If you have an agent you want supported, you can either open a feature request or submit a PR with the adapter yourself. The adapter interface is intentionally small — four methods for a target adapter — so most implementations are under 150 lines.


agentsync is built by Spyrae and released under the MIT license. If you use multiple AI coding agents and you’re tired of keeping their MCP configs in sync manually, give it a try. Bug reports, feature requests, and adapter PRs are all welcome.

FAQ

If I update a server’s environment variables directly in Cursor’s mcp.json without going through Claude Code, will the next agentsync sync overwrite those changes?

Yes — sync always overwrites target files with whatever is in the Claude Code source. Any manual edits to Cursor, Codex, or Antigravity configs are treated as ephemeral. The correct workflow is to make all changes in Claude Code’s ~/.claude.json or .mcp.json, then sync. If you need agent-specific env overrides that shouldn’t propagate (e.g., a different API endpoint in Cursor), use exclude_servers to keep that server out of sync and manage it manually.

The Codex adapter uses marker-based insertion to preserve existing config.toml content. What happens if someone accidentally deletes the AGENTSYNC START/END markers?

On the next sync, agentsync cannot find the markers and appends a new managed block at the end of the file. This results in duplicate MCP server entries — the old ones without markers and the new ones inside the regenerated block. Run agentsync validate -t codex to detect this: it will report a consistency error because the servers listed in the source don’t match what it expects to find between the markers. The fix is to manually remove the duplicate entries and let agentsync sync regenerate the marked block.

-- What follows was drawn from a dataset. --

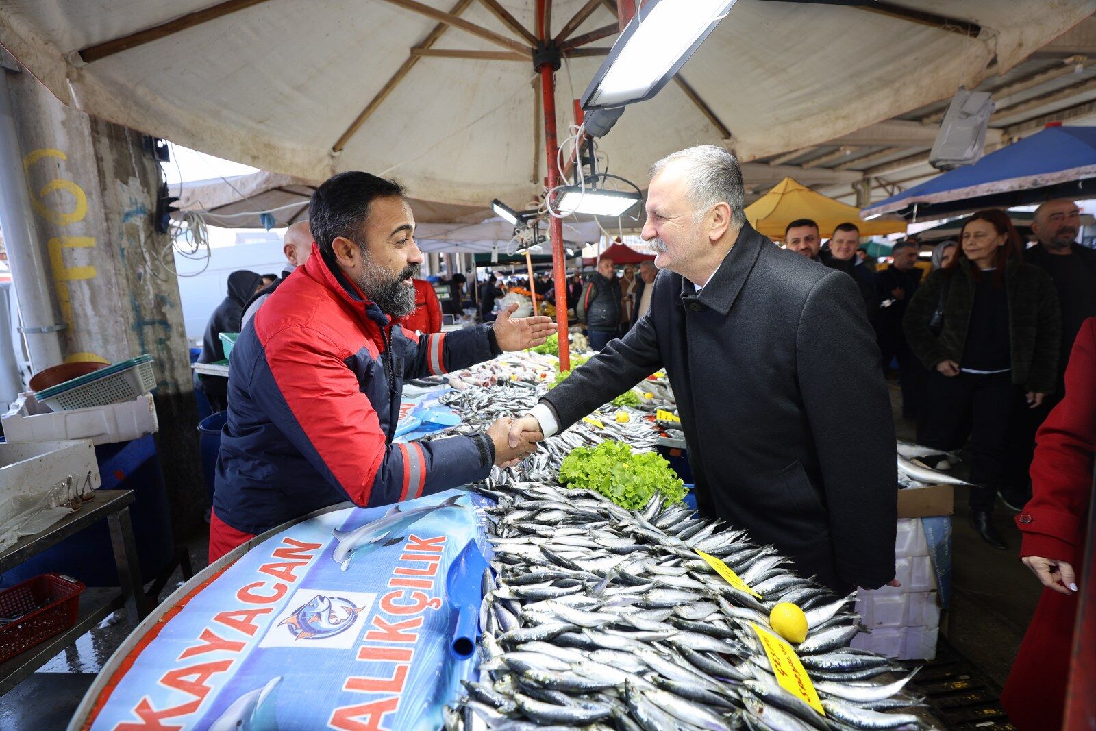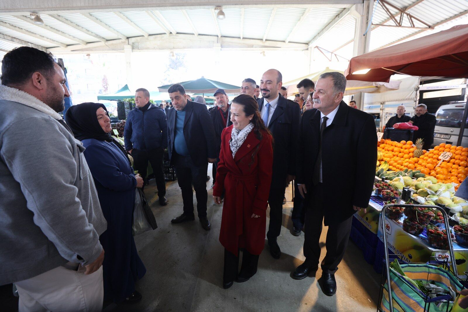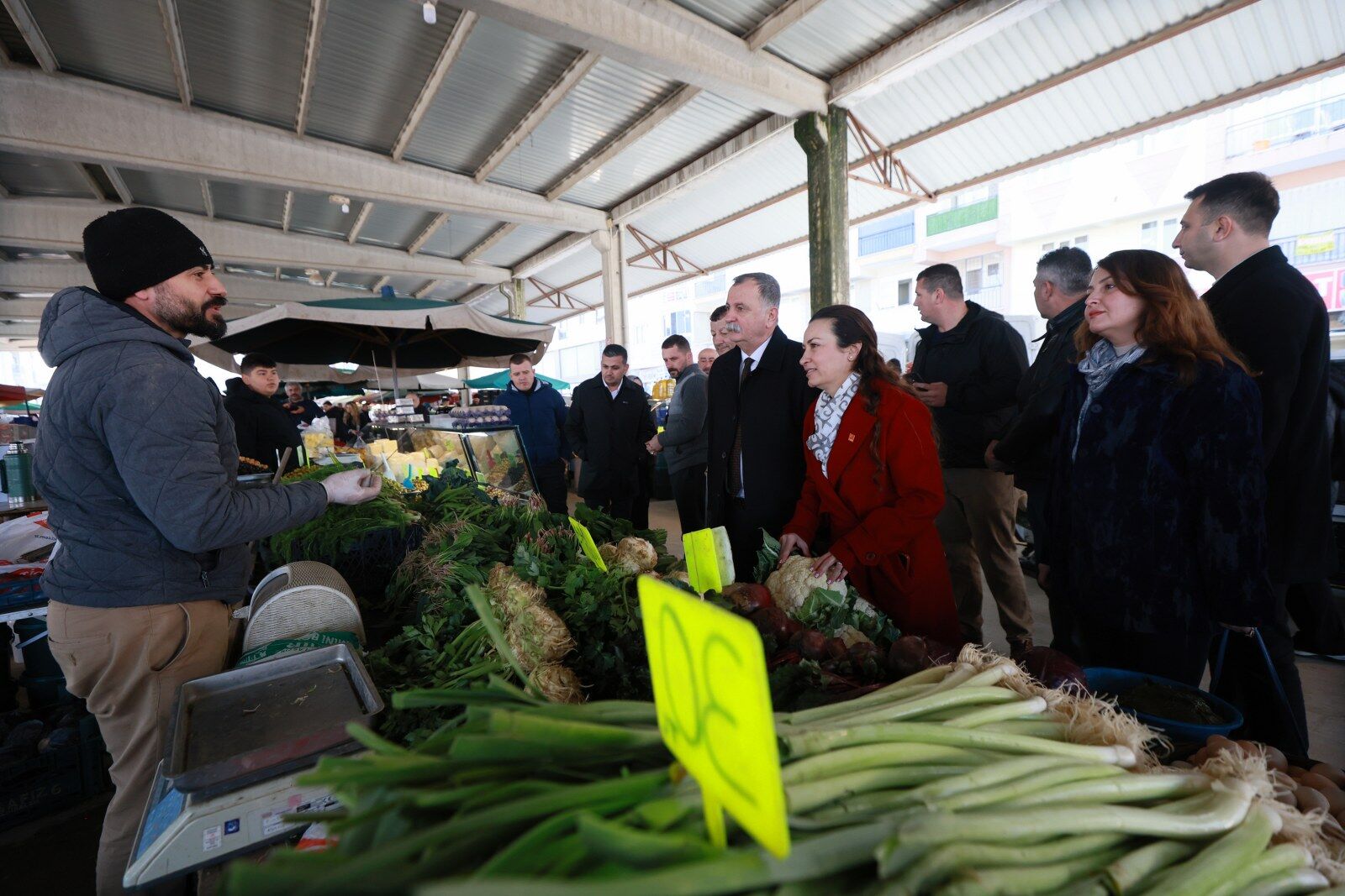 Yunusemre Belediye Başkanı Semih Balaban, CHP Manisa İl Başkanı İlksen Özalper ile birlikte Muradiye Mahallesi Pazar Yeri’nde tezgâh açan esnaf ve alışveriş yapan vatandaşlarla bir araya geldi. Pazar tezgâhlarını tek tek dolaşan Başkan Balaban ve İl Başkanı Özalper’e; CHP Yunusemre İlçe Başkanı Yalçın Arcak, Belediye Başkan Yardımcısı Emine Özge Arslan, belediye meclis üyeleri, Özel Kalem Müdürü Seyit Ali Özmen ve Muradiye Mahalle Muhtarı Eyüphan Aykıran da eşlik etti. Ziyaret kapsamında esnafın ve vatandaşların talep ve önerilerini dinleyen Başkan Balaban, iletilen konuların ilgili birimlere aktarılması için not alarak gerekli talimatları verdi.

Is there a risk that syncing CLAUDE.md rules to AGENTS.md could expose Claude-specific instructions that break Codex’s behavior?

Yes, which is why the rules.exclude_sections configuration exists. Sections like “MCP Servers”, “Context Management & Agents”, and any Claude Code-specific workflow instructions should be listed there. A common mistake is forgetting to exclude sections that reference Claude-specific slash commands or memory management behaviors — Codex will receive those instructions and either ignore them or behave unexpectedly. Run agentsync validate -v after the first sync to check for excluded section leaks.